The ‘end’ of community designation and the ‘rise’ of incumbency…

There’s an interesting piece by Fionnuala O’Connor in today’s Irish News. In it she notes that underneath the commonplace ‘wisdom’ that there is no functional difference between the offices of First and deputy First Minister lies a more profound political reality:

…it will matter very much indeed if Sinn Fein comes out of the election as the largest party and can nominate Martin McGuinness to be the next First Minister. It will shift, irreversibly, the underlying psychology of the north.

It was good politics, in the spirit of conflict resolution, for Martin McGuinness to float the notion of joint first ministers. Some unionists cling to the opposite notion. For them Ulster is unionist, and British, and must stay so because the majority is unionist.

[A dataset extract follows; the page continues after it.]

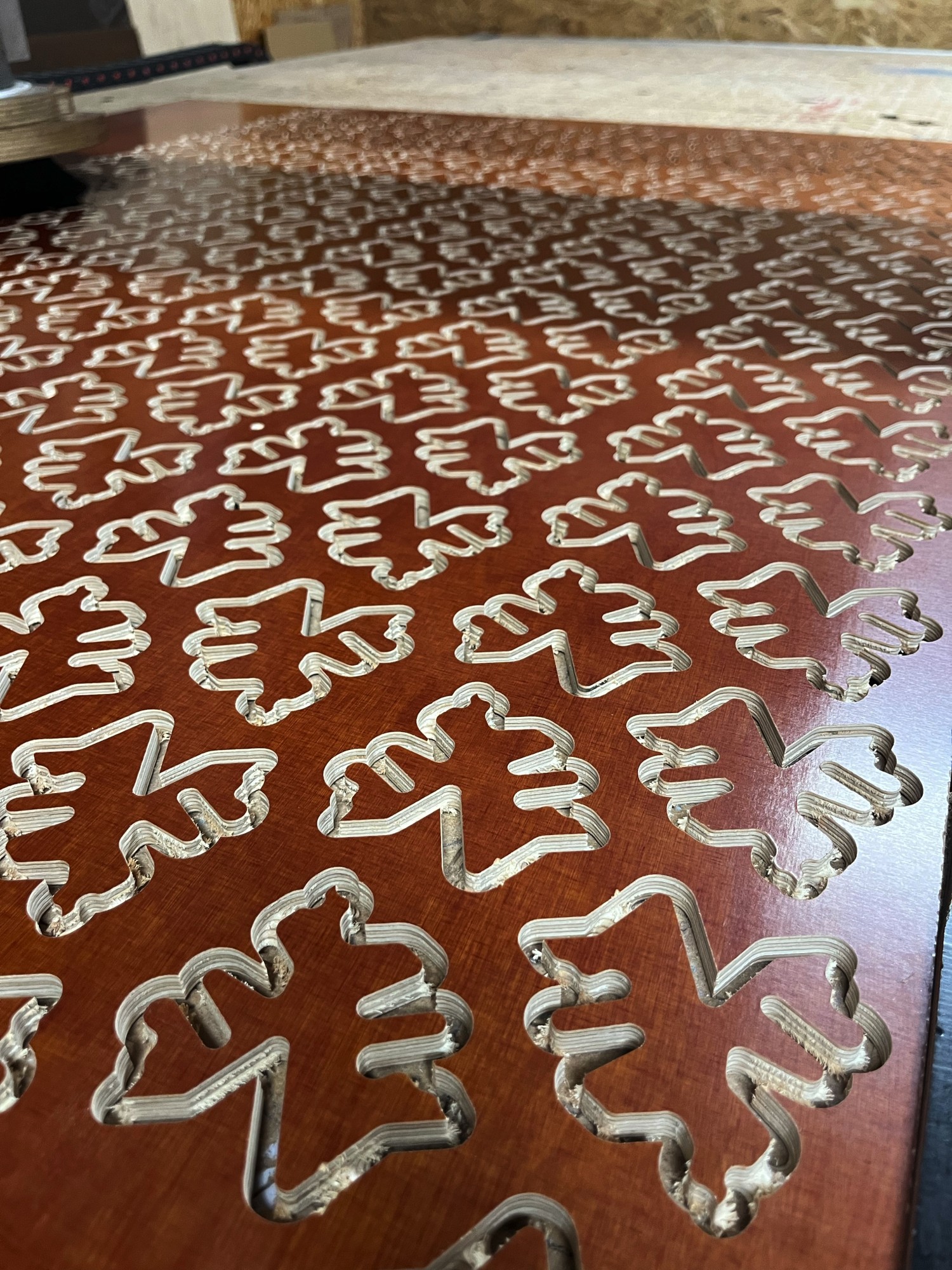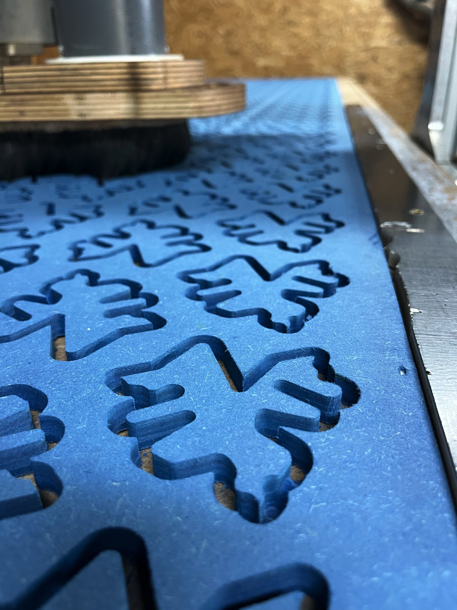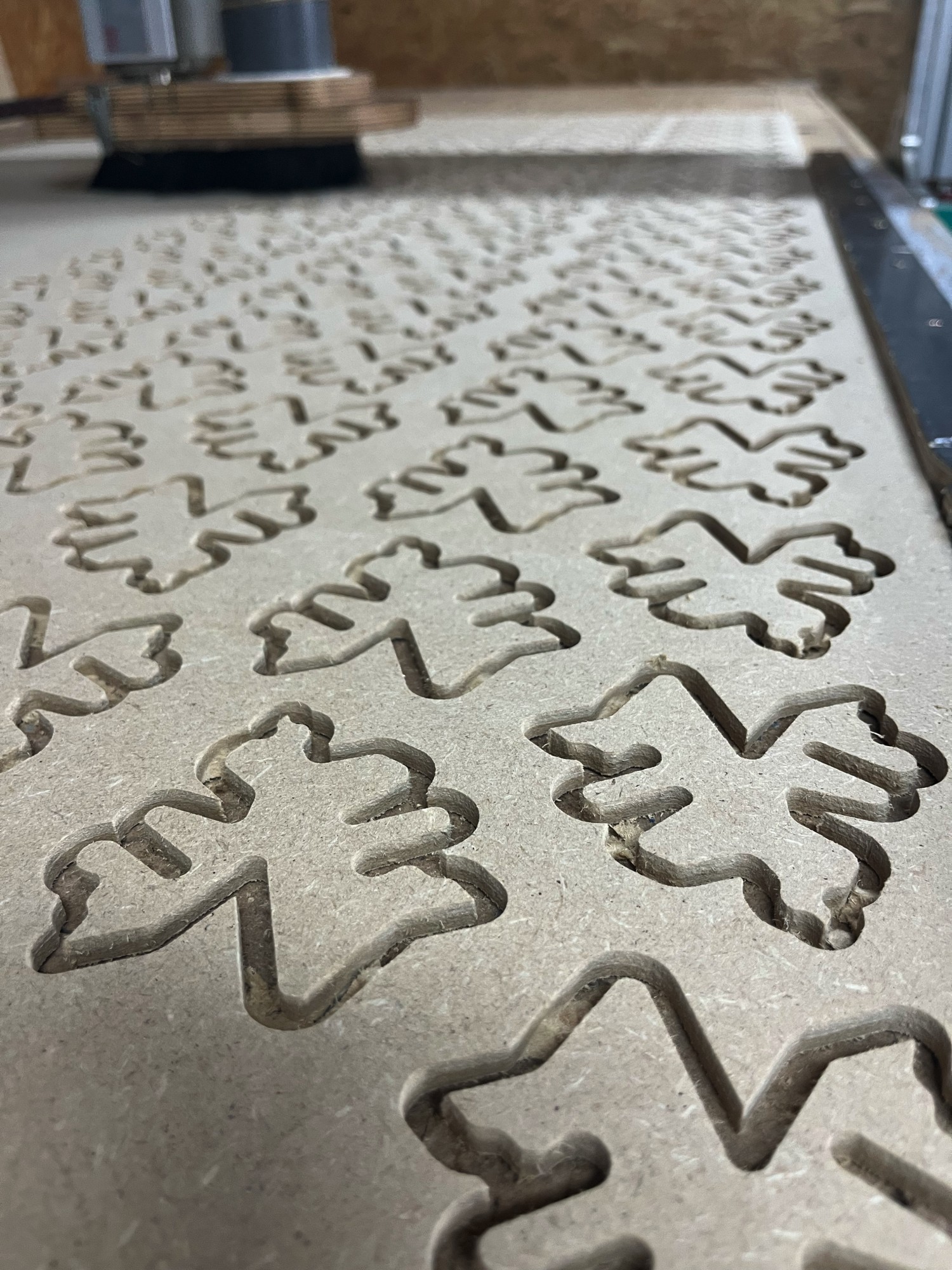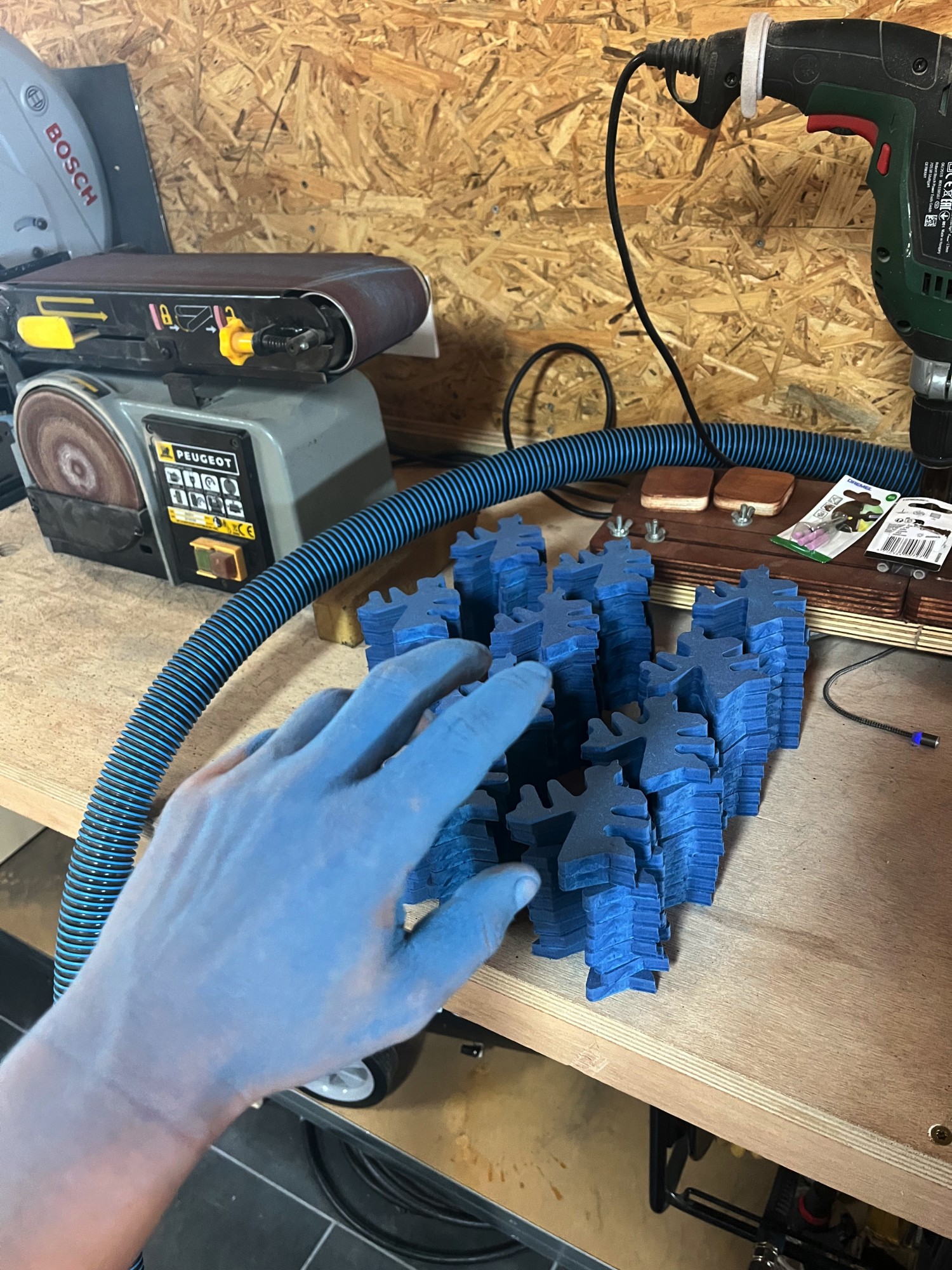 Au total, ce sont pas moins de 1200 pièces identiques, soit 240 pièces par matériau, découpées avec notre CNC (fraiseuse à commande numérique) dans notre atelier près de Rouen. C'est, jusqu'à présent, le projet avec le plus de pièces que nous aillons pu fabriquer.

But they know, though they won’t admit it, hat some time ago the majority shrank to a negliable margin. What people have known for some time though is not the same as reality made flesh in the form of a smiling Derryman.

So not yet then. She concludes by consigning much of the talk of Martin McGuinness becoming First Minister as election juju, and notes that it plays pretty well for both the big parties in squeezing their smaller rivals.

What’s been very little talked about in the media is how the decision over who gets to be First Minister shifted from a broad vote amongst those with larger of the two community designations to largest party came about in the melee that was the post St Andrew’s Agreement negotiations.

Ulster Unionists have tended to pin the blame on the DUP, because they (and not the abstaining Sinn Fein MPs) voted (correction: in fact they did not vote for it, they abstained) for it in the House of Commons in Westminster.

In reality it is more likely to have been the product of a side deal between Sinn Fein and Tony Blair (possibly as compensation for having to swallow the bitter pill of letting the DUP decide when Policing and Justice powers would be devolved to Stormont from Westminster).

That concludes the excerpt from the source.